WHAT IS REQUIRED: In the answer, transcribe exactly the lines from the beginning of the material through the line holding "Видеообзор готовой работы.", and skip every picture.

*** Opening MATERIAL SUPPLIED ***

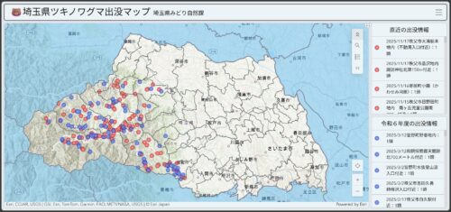 埼玉県では「埼玉県ツキノワグマ出没マップ」を作成しています。
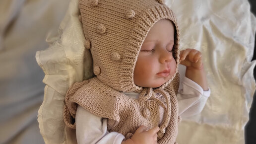 Видеообзор готовой работы. Комплект с шишечками - боди, шапочка и гольфы.
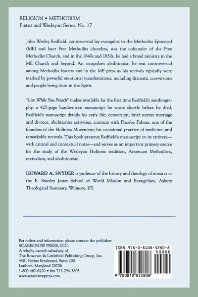 Dr. Snyder has done Methodist historians a great service with his meticulous editing of Redfield's entertaining, startlingly vivid autobiography. Methodist History American revivalist Redfield resisted the creeping respectability as Methodists began building large churches with stained glass and organs and tolerating dancing, card playing, novel reading, and jewelry. His recollections reveal a particular position within the debate that wracked the denomination during the 19th century. Published in collaboration with the Center for the Study of World Christian Revitalization Movements, Asbury Theological Seminary. Reference and Research Book News, August 2006
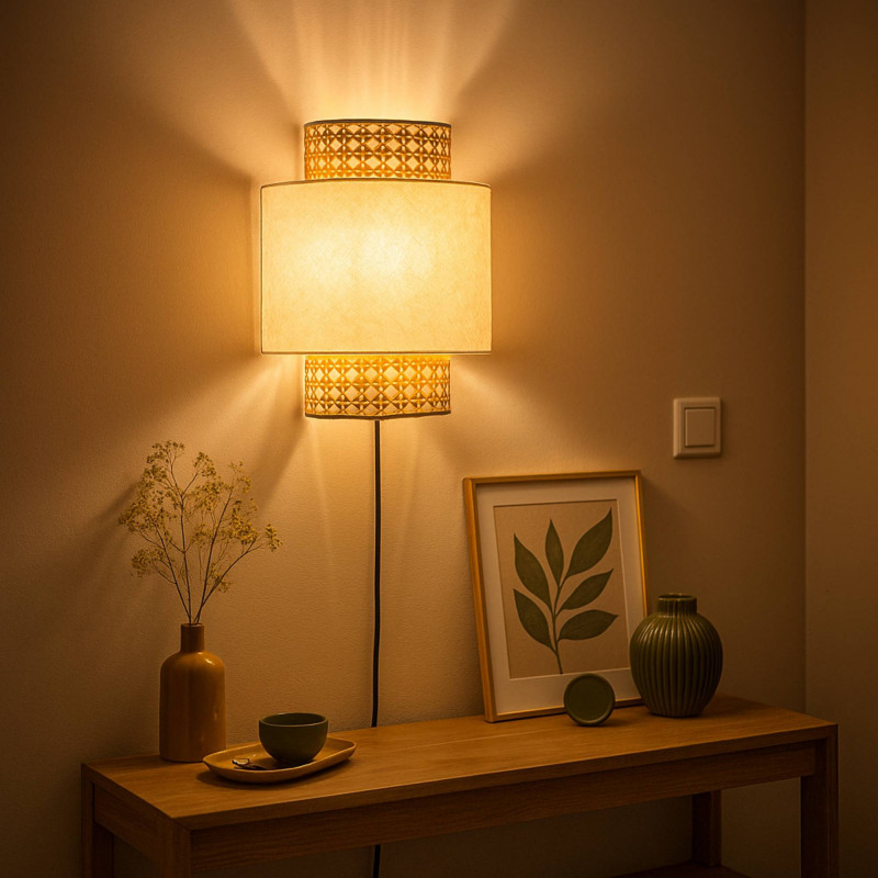 - Dekorative Beleuchtung: Der Schirm aus Weidengeflecht und Stoff lässt das Licht warm und gleichmäßig durch und schafft eine gemütliche Atmosphäre.
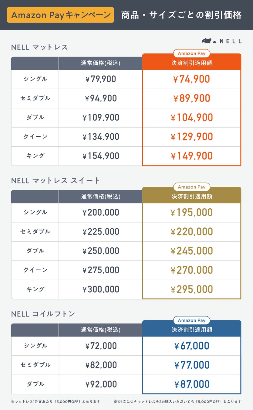 【もれなく5,000円オフ!】「NELL マットレス」、Amazon Pay決済でお得に購入できる「Amazon Payキャンペーン」を開催 この春発売・人気商品「NELL コイルフトン」も対象!
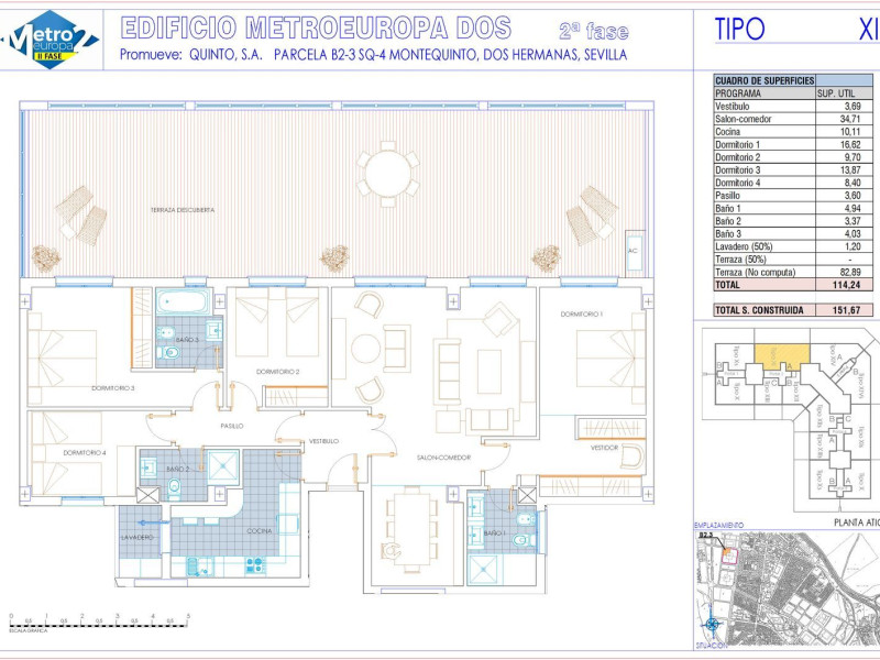 ¡ULTIMAS VIVIENDAS DISPONIBLES! En el primer edificio de la segunda fase de nuestro residencial Metroeuropa ubicado en la Avda. de Montequinto, en la barriada nazarena del mismo nombre, a 200 m de la parada “Europa” del Metro de Sevilla, y con más de 6.000 m2 de zonas comunes, con piscinas, zonas verdes, padel, juegos infantiles, gimnasio, y salón comunitario.En esta segunda fase hemos ampliado las zonas verdes y de esparcimiento al eliminar la calle de vehículos de emergencia, y dotado de unos espacios multiusos, gimnasio y salón comunitario, ubicados en las plantas baja de alguno de los edificios del residencial.En METROEUROPA DOS - 1ª FASE encontrará espaciosas y luminosas viviendas de 2 y 4 dormitorios, dotadas con amplias terrazas, garaje y trastero, superficies desde 95 m2 hasta 187 m2; e impresionantes áticos de 2 con magníficas terrazas de 28 m2. Viviendas eficientes con Calificación Energética A, con las que acceder a bonificaciones en el IBI, así como a una hipoteca verde, con los beneficios económicos que ello supone.Su ubicación a 200 m de la parada del metro, en la zona más consolidada de Montequinto, con todos los servicios a su alrededor, como supermercados Mercadona, Lidl; Dia, centro comercial Cinequinto, centro de salud, mercado de abastos, y todo tipo de comercios, su cercanía a las universidades Pablo de Olavide, y Loyola, su espaciosa zona común, y su localización frente a los parques de "Las Cuatro Estaciones" de 21.000 m2, y de "Los Pinos" con 80.000 m2, hacen de los “EDIFICIOS METROEUROPA”, un lugar ideal para vivir.En los “EDIFICIOS METROEUROPA” dispondrá de inmejorables comunicaciones mediante Metro al disponer de una parada frente al edificio, mediante autobús al tener paradas de la línea M-130A que comunica Montequinto con Sevilla, y de la Línea 5 que lo hace con Dos Hermanas, mediante vehículo privado al poder acceder a la SE-30 y SE-40 a escasos 5 minutos, o si prefiere hacer ejercicio, mediante bicicleta, dada su cercanía a los carriles bici que comunican la Universidad Pablo de Olavide con Sevilla, o al que recorriendo la Avda. de las Universidades, comunica Montequinto con Dos Hermanas.Plaza de garaje y un trastero incluidos en el precio. IVA no incluido en los precios publicados. Disponemos de Locales Comerciales. Imágenes virtuales y reales correspondientes a viviendas y zonas comunes de fases ubicadas en la Manzana B1, existiendo diferencias respecto a las de la Manzana B-2, incluyen un mobiliario que en ningún caso está incluido en la oferta. CEE "A".

*** Closing MATERIAL SUPPLIED ***

RESPONSE BELOW:
 埼玉県では「埼玉県ツキノワグマ出没マップ」を作成しています。
 Видеообзор готовой работы. Комплект с шишечками - боди, шапочка и гольфы.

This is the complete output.